RENDE (CS) – Il tecnico Salvatore Speranza ha guidato i piccoli atleti della Scorpion di Rende che non hanno certamente deluso le aspettative. Nella categoria under 13, in un tabellone da 32 giocatori ottimo il 4 posto di Andrea Martino ed il 5 di Alessandro Adamo, mentre Paolo Ferrami è riuscito ad arrivare sino alla finale contro il forte atleta del Kendro di Triggiano Andrea Madio. Ferrami portava a casa il primo set ma poi cedeva il secondo ed il terzo set, accontentandosi comunque di un fantastico argento.

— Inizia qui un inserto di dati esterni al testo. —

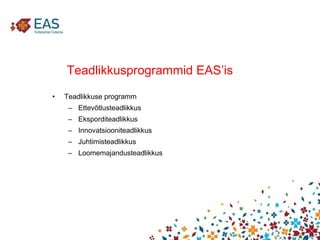 Põhimõtted toetada projekte ja protsesse, mis täidavad programmi eesmärki ning mille toetamine aitab suurendada nende tegevuste efektiivsust; hankida tegevusi, mille vajadust EAS tunnetab, kuid mille elluviimiseks puudub organisatsioonis ressurss, oskusteave või on turul olemas tegijad, kes suudavad tegevust ellu viia efektiivsemalt, kui EAS; initsieerida ja vedada projekte ja protsesse, mille vajadust EAS tunnetab, kuid mille elluviimiseks puudub turul efektiivsem tegija, või tulenevalt tegevuse iseloomust ei ole seda võimalik hankida väljastpoolt organisatsiooni.

Nella categoria under 13 femminile, il torneo veniva dominato da una promettente Flavia Miceli che in finale aveva la meglio con la sua compagna di club Janna Faith Dimayuga per 2 set a 0, da menzionare anche il quarto posto di Martina Vadacchino.

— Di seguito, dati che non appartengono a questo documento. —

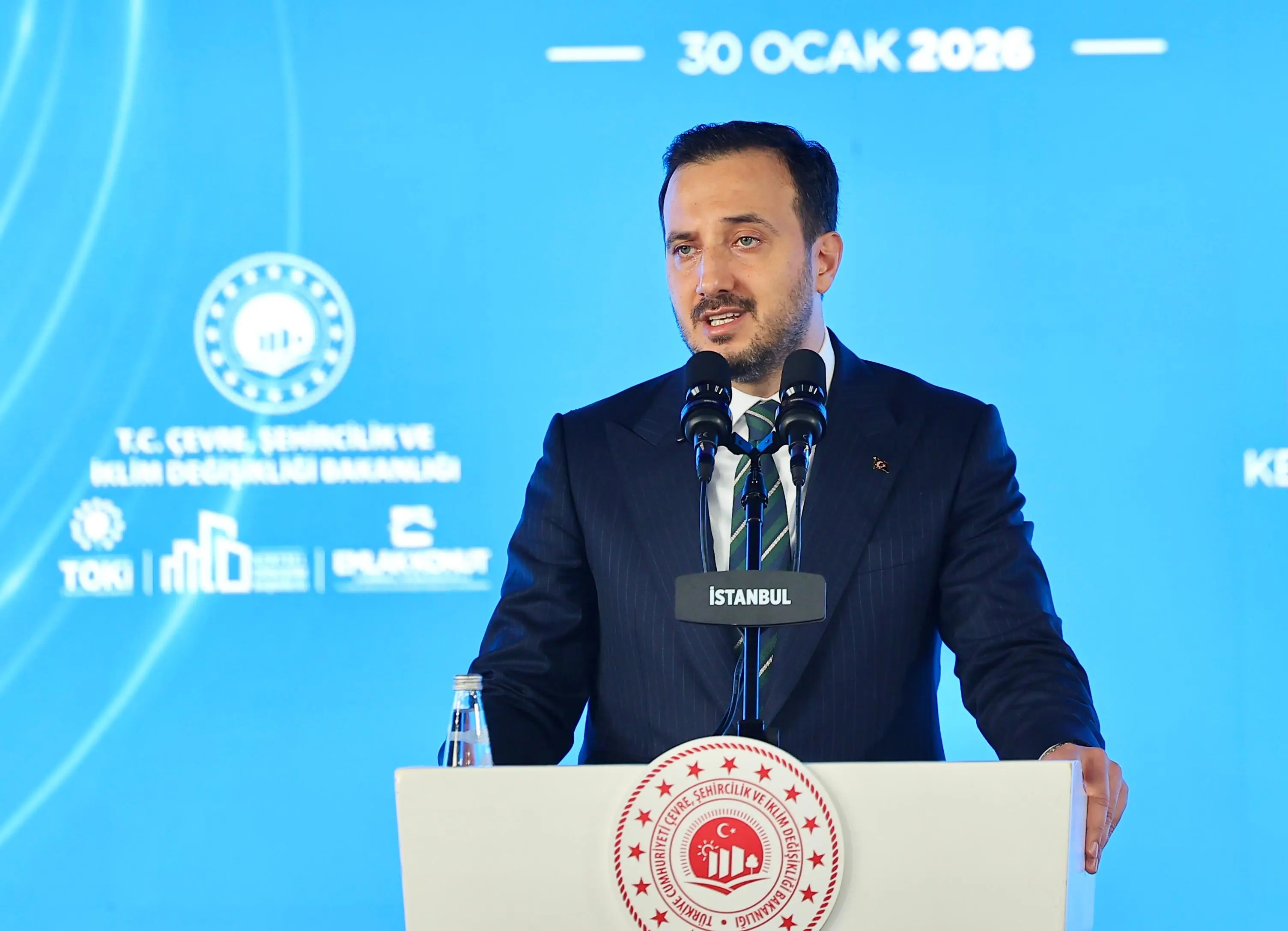 Çevre, Şehircilik ve İklim Değişikliği Bakanımız Murat Kurum, “Bugün Okmeydanı'ndaki kardeşlerimizi 939 ev ve işyerine kavuşturuyor, bizi, Okmeydanı'nın annelerine, yavrularına mahcup etmeyen Allah'a hamd ediyor; yeni yuvalarımız hayırlı uğurlu olsun diyorum. Bugün ABD'de, Almanya'da bir afet olduğunda vatandaşını sigorta şirketinin insafına terk eden bir anlayış varken; Türkiye artık, afet öncesi ve sonrası hızlı, kaliteli konut üretiminde de, kentsel dönüşüm tecrübesinde de tüm dünyada bir numaradır. Biz bu gücümüzü, kabiliyetimizi ve 11 ilimizde kazandığımız büyük tecrübeyi şimdi başta İstanbul olmak üzere 81 ilimize taşımak istiyoruz. Bunun için Cumhurbaşkanımızın açıkladığı Yüzyılın Konut Projesi ile 500 bin sosyal konutu milletimize kazandırmak için hızla çalışıyoruz. Şu ana kadar 35 ilimizde kuraları çektik; 127 bin hak sahibimizi belirledik. Allah'ın izniyle önümüzdeki günlerde İstanbul'un kuraları için yine bir araya gelecek, 100 bin sosyal konutun hak sahiplerini; coşkuyla belirleyeceğiz. İstanbul'umuzda tabii kiralık konutlarımız da olacak, onun da sürecini ayrıca ilerleteceğiz. Bu iki büyük tecrübenin hızla yansıtılması gereken bir yer var. O da aslında Türkiye'nin bağımsızlığının anahtarı olarak gördüğümüz İstanbul'umuzdur. İstanbul'umuz; her an deprem tehdidi ile yaşayan milyonlarca kardeşimize ev sahipliği yapmaktadır. İstanbul'un depreme hazırlanması, bu ülke için bir beka meselesidir, varlık-yokluk meselesi olarak gördüğümüzü her zaman ifade ediyoruz. Bu anlayışla hareket ediyor, şu anda her iki kentsel dönüşümden birini İstanbul'da gerçekleştiriyoruz. Bugün İstanbul'un neresine giderseniz gidin, orada bizi görürsünüz.” ifadelerini kullandı.

Nel torneo under 15, Antonio Pansini  conquistava il quinto posto nel derby  con  Salvatore Vadacchino  per 3 set a 0, e la nuova promessa dello squash rendese Carmine Chiappetta arrivava in finale contro il campione italiano under 15  in carica, il barese Daniele De Bartolomeo, la partita era spettacolare e con il punteggio di 2 set pari si doveva arrivare al quinto game, nel quale Chiappetta pur lottando punto su punto perdeva per 11 9 arrivando comunque al secondo posto.

Infine nel torneo Under 15 femminile la finale tutta rendese vedeva Stella De Marco prevalere per 3 set a 0 su Gemma Vercillo. Questo fine settimana la squadra IGreco di Rende si recherà al gran completo a Riccione,  dove nel C.T.F. Si disputerà la fase conclusiva del Campionato italiano assoluto a squadre. La IGreco prima in classifica con 39 punti dovrà respingere l’ultimo attacco dalla formazione di Milano che la gallina a sole 3 lunghezze.

Il Presidente Enzo Belvedere ed il tecnico Salvatore Speranza, guideranno Cristina Tartarone, Federico Belvedere, Goffredo Scanga, Riccardo Santagata insieme al n.12 al mondo il gallese Joel Makin, gli inglesi George Parker e Millie Tomlinson , il francese Baptiste Masotti e lo spagnolo neo campione europeo Borja Golan alla conquista del primo e storico scudetto.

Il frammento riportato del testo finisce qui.